Chapter 2

Murmurs of concern rippled through the room as all our guests focused on the priest. Undeterred, he took hold of both Matteo’s hands.

“I came to ask for your help,” he said, glancing around nervously as though all the eyes fixed on him belonged to enemies, “but it’s no good. I cannot be saved. I must pay for my sins and pray that God will forgive me when I stand before Him. Only He sees all, but the Devil sees almost as much.”

The poor man seemed very distressed, quite possibly in the grip of a mental-health crisis.

“I’ve put you at risk,” he said suddenly. “I’m a fool. I came here to talk, but by doing so I only endanger you.”

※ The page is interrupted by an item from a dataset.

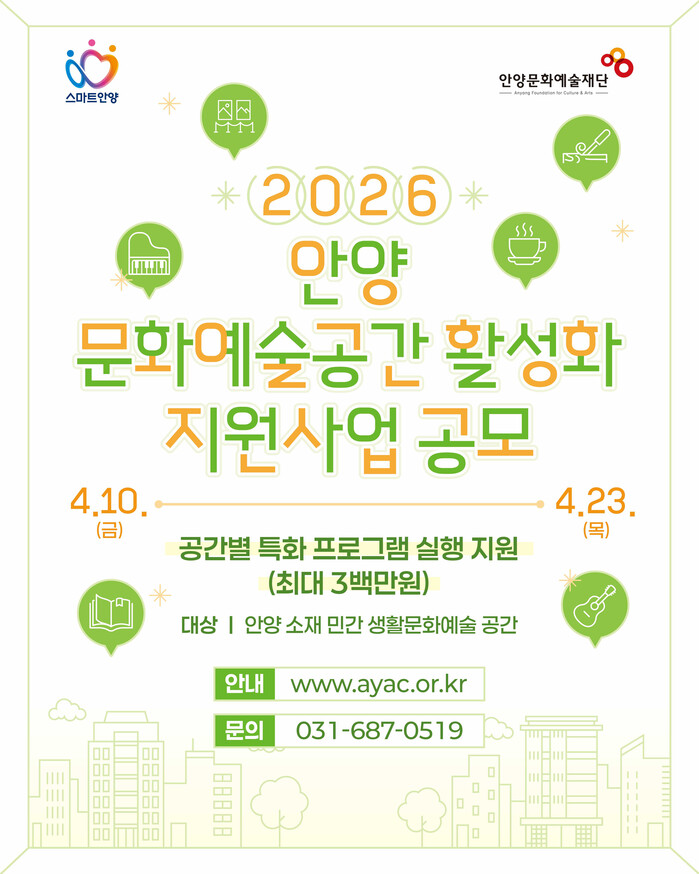 | ▲ 2026 안양 문화예술공간 활성화 지원사업 공모 홍보 포스터 /자료제공=안양시 |

Matteo shook his head and soothed the priest. “Father Brambilla, let’s get you somewhere you’ll feel safe and then you can tell me what’s troubling you.” He turned to me. “You don’t mind, do you, Jack?”

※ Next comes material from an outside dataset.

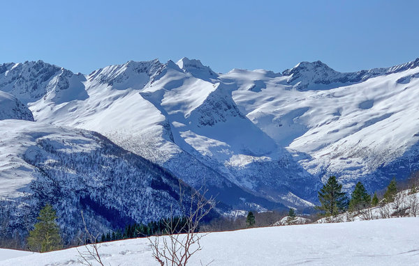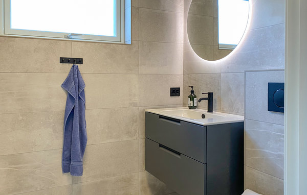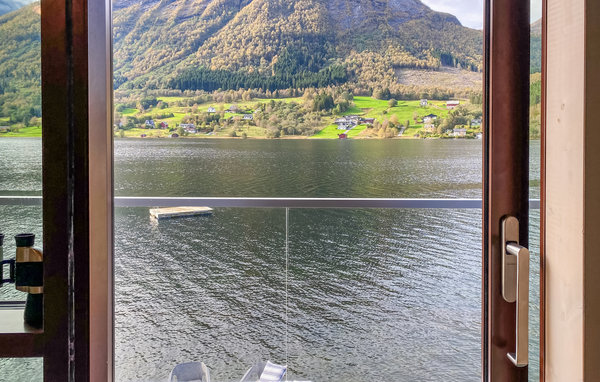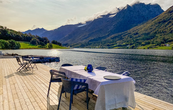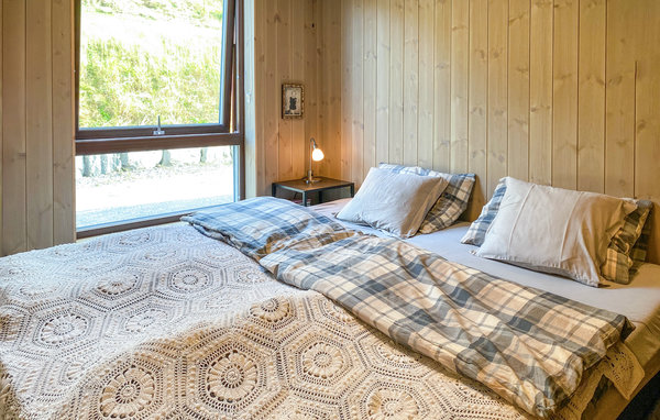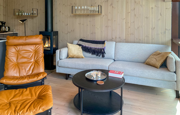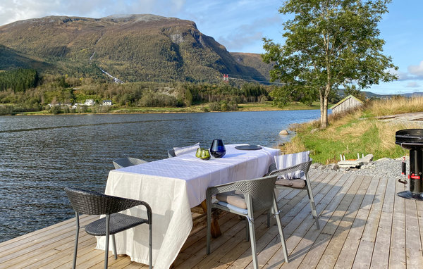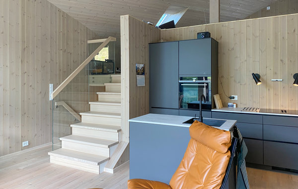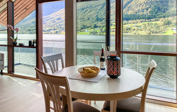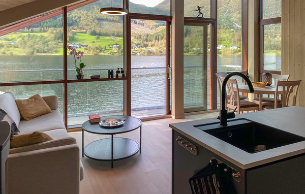 Detta moderna semesterhus, med ett förtrollande läge direkt vid fjorden, är ett paradis för naturälskare. Den höga takhöjden och fönstren från golv till tak, som släpper in mer dagsljus och för in naturen direkt i vardagsrummet, förmedlar en luftig känsla av rymd, lugn och värme och suddar ut gränsen mellan inne och ute på det vackraste sättet. Det moderna köket inbjuder till matlagning med utsikt, medan de som inte gillar att laga mat kan slappa i sofforna bredvid den sprakande eldstaden. Ha roliga spelkvällar vid matbordet och planera dina utflykter. Njut av frukost eller middag med utsikt över smaragdgrönt fjordvatten och sagolika berg, och andas in den friska luften på träterrassen eller balkongen. Gå ut genom dörren, över terrassen och hoppa i den glittrande fjorden.

“You do what you need to do,” I replied.

“I’ll look after Jack for you,” Esther said, taking Matteo’s place at my side.

He smiled. “You’re in good hands then.”

Matteo took the distressed priest by the arm and led him away. “Come with me, father.”

The priest glanced back at me, raw fear visible in his eyes. For a moment I thought about following. There were few things in life that could make a man look so afraid. This had to be serious.

“Jack, I’d like to introduce Aldo Accardi and his wife, Sofia,” Esther said, trying to get my attention.

I watched Matteo and the priest go through a service door at the far end of the large function room. Once they were out of sight there seemed to be a collective exhalation of breath and the party resumed its former momentum.

I turned to find a distinguished man in his late sixties and his glamorous, much younger wife waiting to greet me.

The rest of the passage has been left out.